Quechua

quechuahablanteEl diario Correo publicó hace poco un artículo mediante el cual pretende usar las limitaciones lingüisticas de la Congresista Supa para redactar en español como excusa para su diatriba sobre la poca preparación académica de nuestros congresistas y la necesidad de establecer requisitos más exigentes para votantes y candidatos.

Es evidente que un artículo de esta calaña, que ridiculiza a una persona y se aprovecha de su condición de quechuahablante (que equipara increíblemente a la de “persona inculta”) para enviar un mensaje social, no merece mayores comentarios; me parece simplemente deplorable y mezquino.
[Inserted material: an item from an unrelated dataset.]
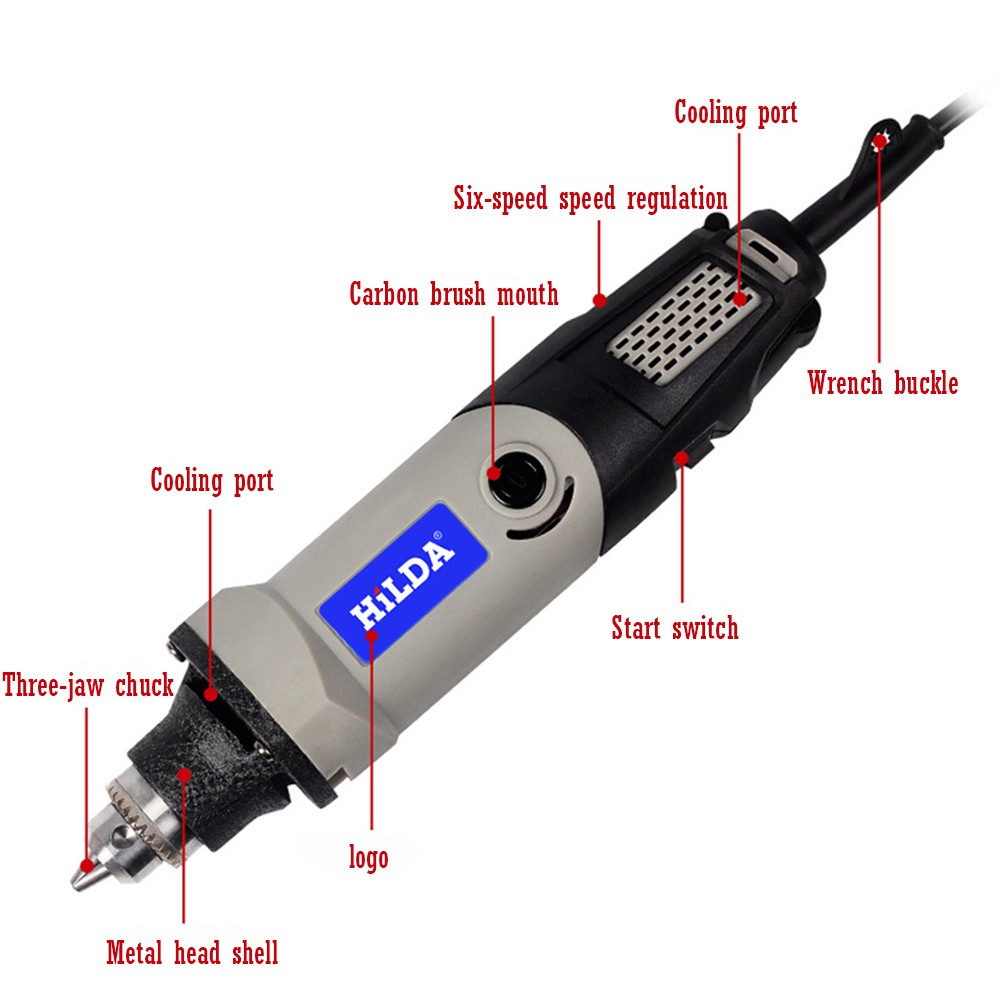 Hilda 400W Electric Drill Dremel Grinder Engraver Pen High Power Rotary Tools Handheld Grinding Machine For Milling Engraving Carving power tools

Honestamente, no tengo más que decir que me gustaría ver al personal de Correo sentado en una audiencia de la Comisión de Seguridad Nacional del Senado de EE.UU. tomando notas en inglés a ver qué tal les queda la ortografía; o peor aún, ¡en quechua! 
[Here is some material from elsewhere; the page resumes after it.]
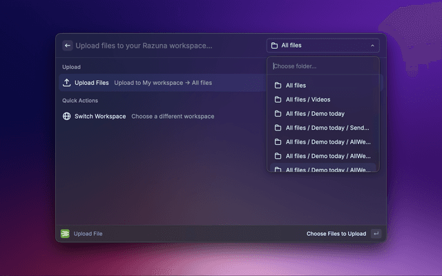 A Raycast extension for managing files in your Razuna workspace.

Y es que al final ese es el problema de fondo: nuestro país no permite una verdadera participación del quechuahablante en la sociedad. ¿Qué tiene que ver la ortografía de una persona que usa el español como segunda lengua con la calidad del Congreso? ¡Por favor! ¡Para eso hay otros indicadores! ¡¿Realmente somos tan incapaces de ver el problema real?! La verdadera noticia aquí son las terribles condiciones a las que el legislador hispanohablante ha relegado al quechua. ¡¿Cómo puede ser posible que en un país con 188 años de historia republicana y 4.4 millones de quechuahablantes, el Congreso recién tenga traductores simultáneos español-quechua desde hace 3 años?! ¡¿Cómo puede ser posible que en 2006 dos congresistas se hayan molestado porque dos legisladoras decidieron jurar en su propio idioma?! ¿¡Cómo puede ser posible que el Estado sólo emita documentación en español?! No sólo las páginas web de los ministerios no tienen versión en quechua, sino que una de las pocas que sí tiene -la del Congreso- no permite ver proyectos de ley ni actas de comisiones en quechua (¿para qué me sirve la página del Congreso si no es para ver los proyectos de ley o los dictámenes de las Comisiones?).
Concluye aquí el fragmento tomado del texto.